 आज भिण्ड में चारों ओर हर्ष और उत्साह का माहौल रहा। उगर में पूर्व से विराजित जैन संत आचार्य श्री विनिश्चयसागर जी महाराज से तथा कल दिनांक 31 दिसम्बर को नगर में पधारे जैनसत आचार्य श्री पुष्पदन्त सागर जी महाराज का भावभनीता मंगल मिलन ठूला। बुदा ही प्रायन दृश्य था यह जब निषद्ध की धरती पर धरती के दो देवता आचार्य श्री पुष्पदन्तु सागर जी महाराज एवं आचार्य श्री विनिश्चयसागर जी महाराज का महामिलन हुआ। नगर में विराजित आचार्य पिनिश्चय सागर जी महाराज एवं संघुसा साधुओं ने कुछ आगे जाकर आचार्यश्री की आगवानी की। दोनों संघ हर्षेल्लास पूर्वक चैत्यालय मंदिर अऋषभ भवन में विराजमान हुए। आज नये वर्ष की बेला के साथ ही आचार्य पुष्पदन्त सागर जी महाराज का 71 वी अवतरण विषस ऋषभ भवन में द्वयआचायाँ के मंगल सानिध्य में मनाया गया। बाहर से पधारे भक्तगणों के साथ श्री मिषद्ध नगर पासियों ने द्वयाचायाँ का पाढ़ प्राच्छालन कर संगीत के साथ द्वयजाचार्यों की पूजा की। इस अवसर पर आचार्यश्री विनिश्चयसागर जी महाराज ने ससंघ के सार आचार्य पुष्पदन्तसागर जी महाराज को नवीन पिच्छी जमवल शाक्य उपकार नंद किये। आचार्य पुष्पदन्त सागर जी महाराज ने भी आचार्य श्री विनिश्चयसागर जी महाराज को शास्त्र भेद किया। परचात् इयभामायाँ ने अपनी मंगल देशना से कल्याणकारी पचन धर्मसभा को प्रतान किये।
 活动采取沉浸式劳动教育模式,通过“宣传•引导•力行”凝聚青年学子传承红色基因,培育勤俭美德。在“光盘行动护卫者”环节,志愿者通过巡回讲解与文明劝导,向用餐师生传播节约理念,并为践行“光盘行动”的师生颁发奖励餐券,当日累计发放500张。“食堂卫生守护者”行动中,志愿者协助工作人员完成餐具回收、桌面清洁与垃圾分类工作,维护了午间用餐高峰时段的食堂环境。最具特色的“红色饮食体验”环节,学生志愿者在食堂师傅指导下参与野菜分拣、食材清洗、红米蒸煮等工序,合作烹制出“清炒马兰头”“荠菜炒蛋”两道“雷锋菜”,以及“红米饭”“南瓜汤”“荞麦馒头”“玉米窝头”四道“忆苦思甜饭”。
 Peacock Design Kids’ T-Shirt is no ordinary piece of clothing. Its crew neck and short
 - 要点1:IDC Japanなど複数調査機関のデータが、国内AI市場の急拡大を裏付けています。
════
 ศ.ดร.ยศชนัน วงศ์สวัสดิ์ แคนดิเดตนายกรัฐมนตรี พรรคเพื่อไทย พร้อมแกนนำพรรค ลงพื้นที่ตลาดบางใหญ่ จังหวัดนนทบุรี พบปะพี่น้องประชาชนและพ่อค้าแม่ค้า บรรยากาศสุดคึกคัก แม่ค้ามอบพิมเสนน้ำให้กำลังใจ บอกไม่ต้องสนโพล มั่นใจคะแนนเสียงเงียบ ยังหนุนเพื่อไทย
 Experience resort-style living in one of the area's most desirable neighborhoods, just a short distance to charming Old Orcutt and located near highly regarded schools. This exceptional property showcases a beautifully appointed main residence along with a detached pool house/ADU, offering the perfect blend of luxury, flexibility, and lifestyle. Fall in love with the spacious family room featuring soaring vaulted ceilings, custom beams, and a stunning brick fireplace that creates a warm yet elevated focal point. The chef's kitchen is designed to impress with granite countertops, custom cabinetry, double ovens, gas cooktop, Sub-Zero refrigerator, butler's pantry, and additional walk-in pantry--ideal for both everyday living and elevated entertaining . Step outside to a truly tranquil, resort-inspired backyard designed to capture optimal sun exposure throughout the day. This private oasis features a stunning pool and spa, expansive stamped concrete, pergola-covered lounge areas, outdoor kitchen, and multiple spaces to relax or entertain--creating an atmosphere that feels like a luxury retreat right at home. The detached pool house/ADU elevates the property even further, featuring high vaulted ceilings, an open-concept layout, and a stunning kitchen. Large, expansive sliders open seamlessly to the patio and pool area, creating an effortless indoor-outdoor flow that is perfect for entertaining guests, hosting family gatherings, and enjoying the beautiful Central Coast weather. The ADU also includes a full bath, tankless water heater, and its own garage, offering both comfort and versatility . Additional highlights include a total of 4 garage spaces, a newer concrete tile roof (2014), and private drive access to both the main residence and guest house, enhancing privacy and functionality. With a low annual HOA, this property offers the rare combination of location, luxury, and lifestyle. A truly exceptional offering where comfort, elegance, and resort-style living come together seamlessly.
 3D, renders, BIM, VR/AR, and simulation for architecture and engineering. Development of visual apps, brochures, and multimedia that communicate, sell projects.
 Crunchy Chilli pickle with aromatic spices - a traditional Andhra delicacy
════
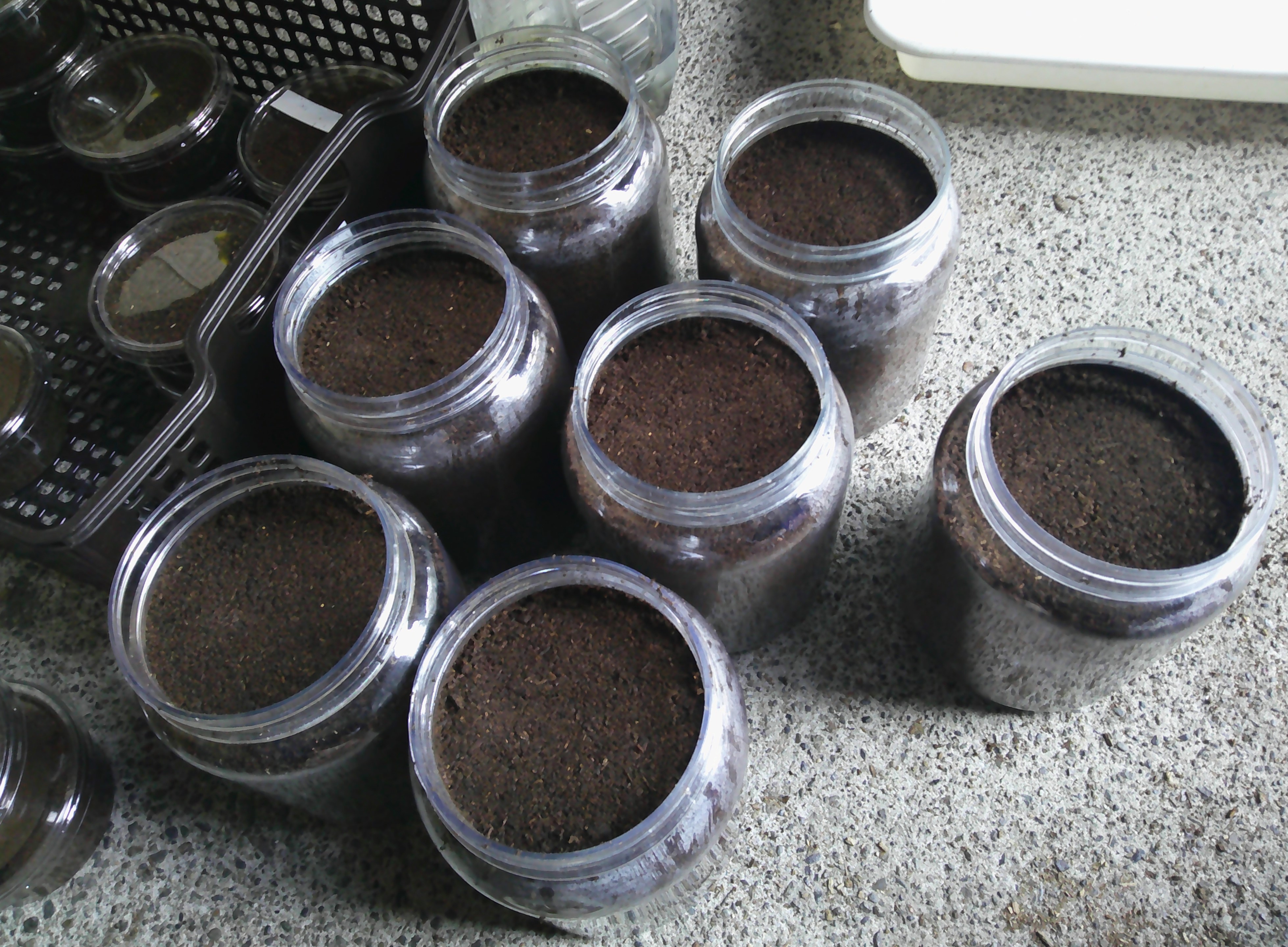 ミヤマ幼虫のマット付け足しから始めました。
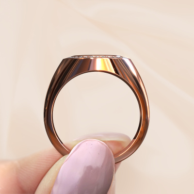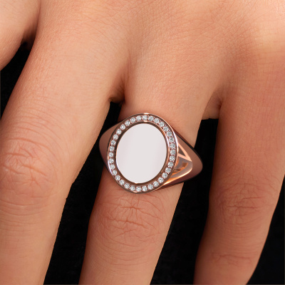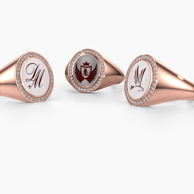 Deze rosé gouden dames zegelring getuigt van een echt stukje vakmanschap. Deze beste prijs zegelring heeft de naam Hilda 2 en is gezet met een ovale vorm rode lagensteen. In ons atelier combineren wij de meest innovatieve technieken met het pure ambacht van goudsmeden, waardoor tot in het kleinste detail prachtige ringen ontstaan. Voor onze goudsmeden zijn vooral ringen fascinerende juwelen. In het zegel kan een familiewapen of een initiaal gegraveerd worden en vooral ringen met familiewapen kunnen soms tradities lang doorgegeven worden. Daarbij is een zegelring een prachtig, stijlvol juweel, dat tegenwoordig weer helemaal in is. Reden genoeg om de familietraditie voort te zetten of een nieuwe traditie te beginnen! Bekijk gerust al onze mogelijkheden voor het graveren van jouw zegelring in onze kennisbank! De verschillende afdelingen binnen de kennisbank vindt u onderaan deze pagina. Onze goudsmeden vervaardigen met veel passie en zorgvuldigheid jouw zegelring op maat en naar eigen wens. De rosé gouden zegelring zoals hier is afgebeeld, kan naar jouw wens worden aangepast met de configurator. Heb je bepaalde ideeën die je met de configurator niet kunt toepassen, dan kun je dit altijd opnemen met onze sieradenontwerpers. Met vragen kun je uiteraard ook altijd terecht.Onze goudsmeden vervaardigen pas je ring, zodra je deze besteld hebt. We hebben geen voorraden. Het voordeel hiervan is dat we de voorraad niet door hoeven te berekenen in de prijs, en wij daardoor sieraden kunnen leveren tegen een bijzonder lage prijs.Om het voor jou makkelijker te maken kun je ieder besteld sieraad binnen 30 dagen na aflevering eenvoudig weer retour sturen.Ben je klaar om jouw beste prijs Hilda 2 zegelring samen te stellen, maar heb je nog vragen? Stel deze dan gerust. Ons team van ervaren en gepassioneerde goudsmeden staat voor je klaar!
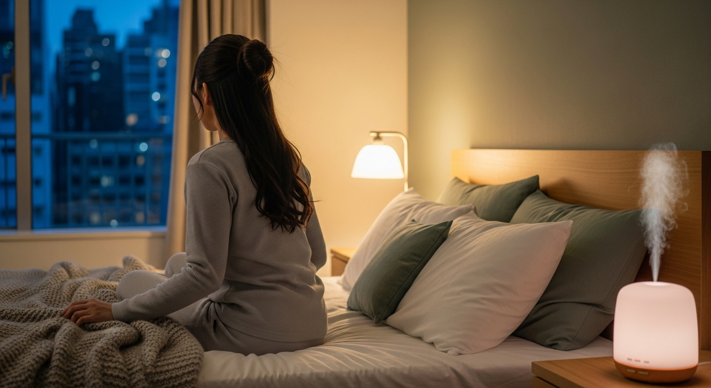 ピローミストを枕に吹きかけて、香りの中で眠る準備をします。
════
What is needed – What is asked for is an exact copy of the lines above from the one containing "3D, renders, BIM, VR/AR, and" through the one containing "Crunchy Chilli pickle", and only those.

Written solution –
 3D, renders, BIM, VR/AR, and simulation for architecture and engineering. Development of visual apps, brochures, and multimedia that communicate, sell projects.
 Crunchy Chilli pickle with aromatic spices - a traditional Andhra delicacy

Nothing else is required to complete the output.